At times Lowell expressed not so much an active desire to die as passive submission to an accumulating tide of despair. His mind was less willing and able to engage the fight. “I’ve been sixteen times on my knees,” he had told Sidney Nolan. “I’ve got up sixteen times. But if one day I don’t get up, I don’t mind.” Jill Neville, in her roman à clef about her brief affair with Lowell, quotes the Lowell character as saying—after having talked about his repeated breakdowns—“I’d never drown myself. But if I had a button I’d switch myself off. The show’s been going on too long.”

  Lowell seldom mentioned suicide to his family or friends. We know no details about intent or plans he might have had. He wrote about suicide in his poetry, but so have many poets who were not suicidal. He did discuss suicide with his doctors on several occasions. All but one of Lowell’s hospital admissions were for mania, so suicide was not the major clinical concern during those periods.

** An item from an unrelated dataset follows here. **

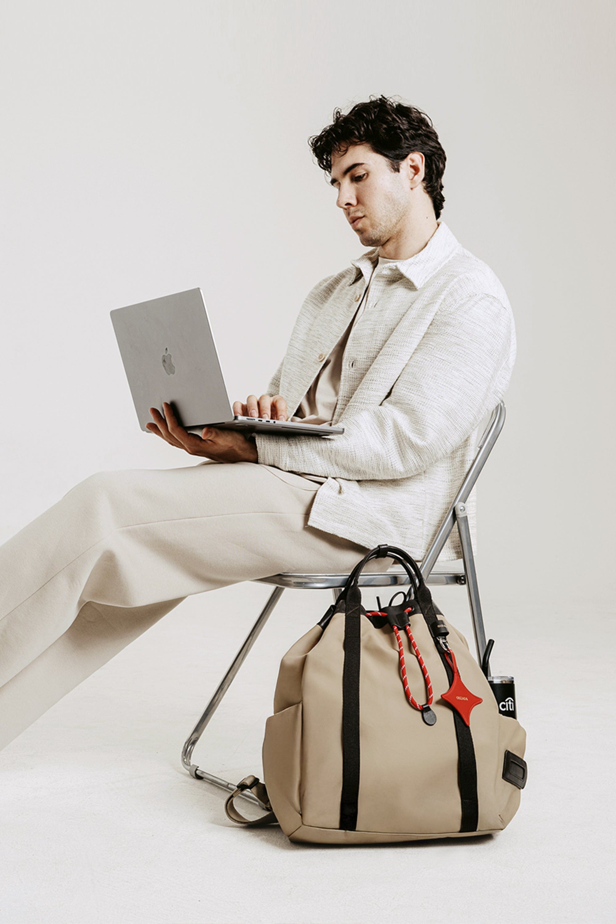 Made from waterproof, stain-resistant materials, it’s built to keep up with your active lifestyle. A top-loading drawstring opening gives quick access, while dual bottle holders and a padded sleeve protect your 14" laptop. The interior compartment fits a standard racket when you’re on the court — so you’re always ready for a match or a meeting. Structured leather handles and convertible straps let you carry it your way, whether on the court, in the café, or anywhere in between.

  Still, manic-depressive illness carries a very high rate of suicide, and a constellation of factors put Lowell at particular risk: being male; his history of impulsive and violent behavior when he was manic; his heavy use of alcohol. Many of his contemporaries similarly affected by manic-depressive illness did go on to kill themselves. What stopped Lowell? A few reasons are likely. There is a genetic tendency to suicide, and Lowell did not have a significant history of suicide in his family. His impulsiveness, a risk factor for suicide, was largely confined to his manic periods. He was less impulsive during times when he was depressed. He received good psychiatric care and, unlike many, he largely followed the treatment recommendations of his physicians. For more than twenty years, Elizabeth Hardwick provided as stable a life as possible and, by seeing to the practical things to which he was oblivious, kept him grounded. He had strong friendships. He had a will of granite and a compact with his work. He had no expectation that life would be without suffering. He had contended throughout his life with madness and had known violence and depression since childhood. He knew as best one could how to live with them. Critically, for many years when he was at high risk for suicide he was taking lithium, a drug that is impressively effective in preventing suicide.